Article 2 : La commune de Toussieu versera à Mme C une somme de 1 500 euros en application des dispositions de l’article L. 761-1 du code de justice administrative.
Article 3 : Les conclusions de la commune de Toussieu présentées au titre de l’article L. 761-1 du code de justice administrative sont rejetées.
Article 4 : Le présent jugement sera notifié à Mme E C et à la commune de Toussieu.
Délibéré après l’audience du 13 février 2025, à laquelle siégeaient :
M. Jean-Pascal Chenevey, président,
Mme Marine Flechet, première conseillère,
Mme Flore-Marie Jeannot, première conseillère.
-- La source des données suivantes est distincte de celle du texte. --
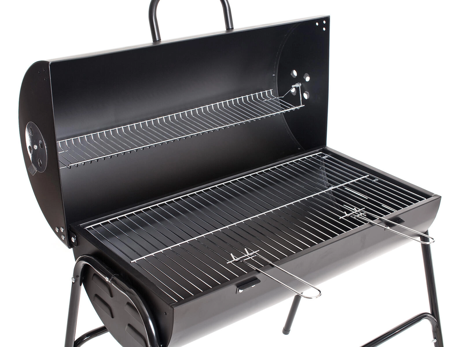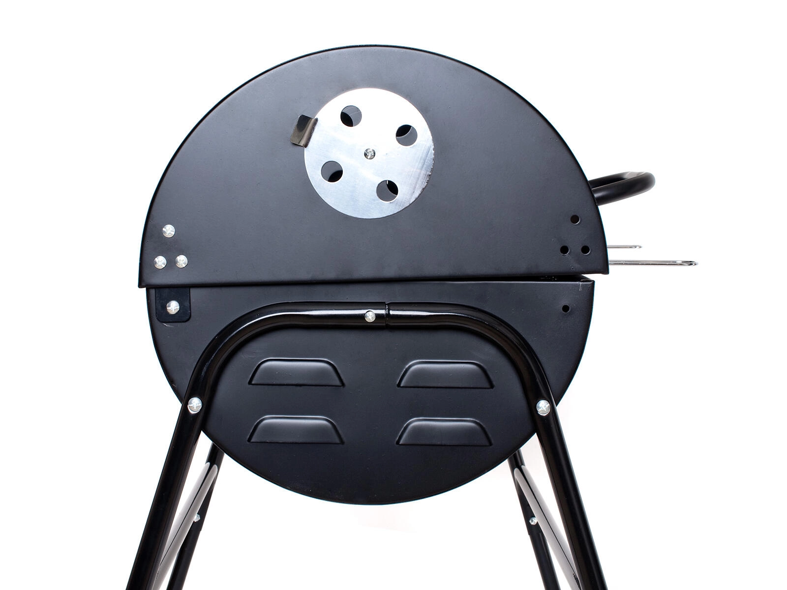 Solidny ogrodowy grill na węgiel drzewny Rancher jest idealny do gotowania na świeżym powietrzu w ogrodzie, na działce oraz podczas biwakowania. Oferuje przestronną powierzchnię grillowania z dwoma rusztami – głównym i górną półką podgrzewającą – z chromowanej stali, zapewniając równomierne dopiekanie i utrzymanie temperatury. Dzięki prostej, lecz wytrzymałej konstrukcji grill jest stabilny, łatwy w obsłudze i umożliwia precyzyjną regulację przepływu powietrza za pomocą bocznych wentylacji. Wbudowany termometr w pokrywie pomaga kontrolować właściwą temperaturę do grillowania i delikatnego wędzenia.

Rendu public par mise à disposition au greffe le 27 février 2025.
La rapporteure,
F.-M. A
Le président,
J.-P. Chenevey
La greffière,
G. Reynaud
La République mande et ordonne à la préfète du Rhône en ce qui la concerne ou à tous commissaires de justice à ce requis en ce qui concerne les voies de droit commun contre les parties privées, de pourvoir à l’exécution de la présente décision.